Sometimes watching people watch art is half the fun. Especially modern art. It makes you question what art actually is. Sometimes you have to look twice. Sometimes you think a five-year-old could do the same thing, and maybe even better. Or, as in the case of the work “Comedian” by Maurizio Cattelan, your art gets eaten by a hungry student that skipped breakfast.
I always seem to put things off, so I’m obviously running behind schedule with this piece. Simply put, things seem to get in the way. I nevertheless believe that the idea has some merit. The exhibition itself ended on May 7th, and I’m writing about it now, 20 days later. Dear Reader, I am aware that you are understanding of your humble servant and that you are forgiving.

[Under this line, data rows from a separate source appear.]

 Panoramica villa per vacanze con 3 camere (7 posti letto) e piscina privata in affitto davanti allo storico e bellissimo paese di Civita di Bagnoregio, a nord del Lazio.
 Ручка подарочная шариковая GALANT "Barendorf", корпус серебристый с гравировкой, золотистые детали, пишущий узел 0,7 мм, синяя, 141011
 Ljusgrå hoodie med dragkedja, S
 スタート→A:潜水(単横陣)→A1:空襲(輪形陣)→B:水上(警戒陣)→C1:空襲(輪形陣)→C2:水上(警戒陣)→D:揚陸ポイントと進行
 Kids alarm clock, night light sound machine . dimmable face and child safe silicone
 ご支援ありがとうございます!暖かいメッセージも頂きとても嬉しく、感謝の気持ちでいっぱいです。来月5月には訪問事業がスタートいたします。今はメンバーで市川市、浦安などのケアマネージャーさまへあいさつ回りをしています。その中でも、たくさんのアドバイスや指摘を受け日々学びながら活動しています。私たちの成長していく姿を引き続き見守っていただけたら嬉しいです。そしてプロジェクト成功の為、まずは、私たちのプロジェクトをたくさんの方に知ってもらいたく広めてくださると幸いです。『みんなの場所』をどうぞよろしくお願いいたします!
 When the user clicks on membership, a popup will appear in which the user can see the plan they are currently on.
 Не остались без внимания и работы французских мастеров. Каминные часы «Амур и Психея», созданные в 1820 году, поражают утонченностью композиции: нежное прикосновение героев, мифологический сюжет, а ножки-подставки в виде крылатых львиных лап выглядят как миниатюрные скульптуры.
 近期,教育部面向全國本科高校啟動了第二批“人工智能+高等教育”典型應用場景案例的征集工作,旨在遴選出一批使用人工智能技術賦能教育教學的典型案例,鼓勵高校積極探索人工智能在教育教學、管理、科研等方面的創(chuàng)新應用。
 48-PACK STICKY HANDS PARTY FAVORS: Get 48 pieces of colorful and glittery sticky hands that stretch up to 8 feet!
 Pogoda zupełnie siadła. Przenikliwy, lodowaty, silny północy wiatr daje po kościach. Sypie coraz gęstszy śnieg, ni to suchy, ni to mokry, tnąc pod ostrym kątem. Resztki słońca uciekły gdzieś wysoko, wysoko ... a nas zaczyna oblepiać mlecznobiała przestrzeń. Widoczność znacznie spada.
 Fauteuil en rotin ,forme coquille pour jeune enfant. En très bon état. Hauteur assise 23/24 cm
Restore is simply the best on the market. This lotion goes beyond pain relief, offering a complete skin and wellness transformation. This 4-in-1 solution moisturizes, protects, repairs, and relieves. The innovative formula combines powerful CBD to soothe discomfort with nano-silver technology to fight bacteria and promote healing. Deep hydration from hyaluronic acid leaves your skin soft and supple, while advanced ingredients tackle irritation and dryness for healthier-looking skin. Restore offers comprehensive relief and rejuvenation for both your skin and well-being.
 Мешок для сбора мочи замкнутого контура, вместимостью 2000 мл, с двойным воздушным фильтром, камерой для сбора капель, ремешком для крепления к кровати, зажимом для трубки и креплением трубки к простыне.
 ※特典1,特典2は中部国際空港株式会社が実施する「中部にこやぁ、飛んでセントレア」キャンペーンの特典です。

If I want to enjoy some art in the same manner that I have been known to enjoy a cup of tea and some cake, I think about going to the HAB Gallery in Nantes’ Hangar à Bananes. If you were in town last month, you could have seen the “Une ebauche lente à venir” show, which featured recent pieces by Léopold Rabus and Till Rabus, some of which were produced just for the event. This art helps you take a second glance and discover the fun and foolishness in art. You may see it in the images at the conclusion of this post. See if you can spot two mischievous dogs and two mischievous pigeons!
Still life and landscapes are combined and delve into the artist’s basic urge to paint. Léopold’s paintings are loaded with lovely and weird animals: cows, slugs, birds, flies, dogs, and deer in the snow; a mound of faeces; chicken coops; and fields. Till’s paintings, in baroque and extravagant compositions, are loaded with trash, people, and other consumer objects.
Léopold Rabus (born 1977) and Till Rabus (born 1975) are Swiss artists that pay close attention to the reality of the world around them, and their art is full of sarcasm and comedy, challenging preconceived notions of what is and isn’t beautiful.
This piece, however, is about those who are viewing art and absorbing it all in. Or are they simply devouring culture to appear fashionable? To be in, since who wants to be left out? The French and their elitism in culture! Half the fun is watching those who make a concerted effort to “educate” themselves because it is trendy, a la Molière’s Bourgeois Gentilhomme, and those who take it all less seriously and enjoy watching the humour in the paintings and laughing at the absurdity of some of the pieces. I’m all for being an intellectual in intellectual settings where the study of art is academic, as opposed to the faux leftist intellectuals, yet at times art is about not being an intellectual. As Nike once tried to say, Just Do It!
The exhibition closed on the 7th of May.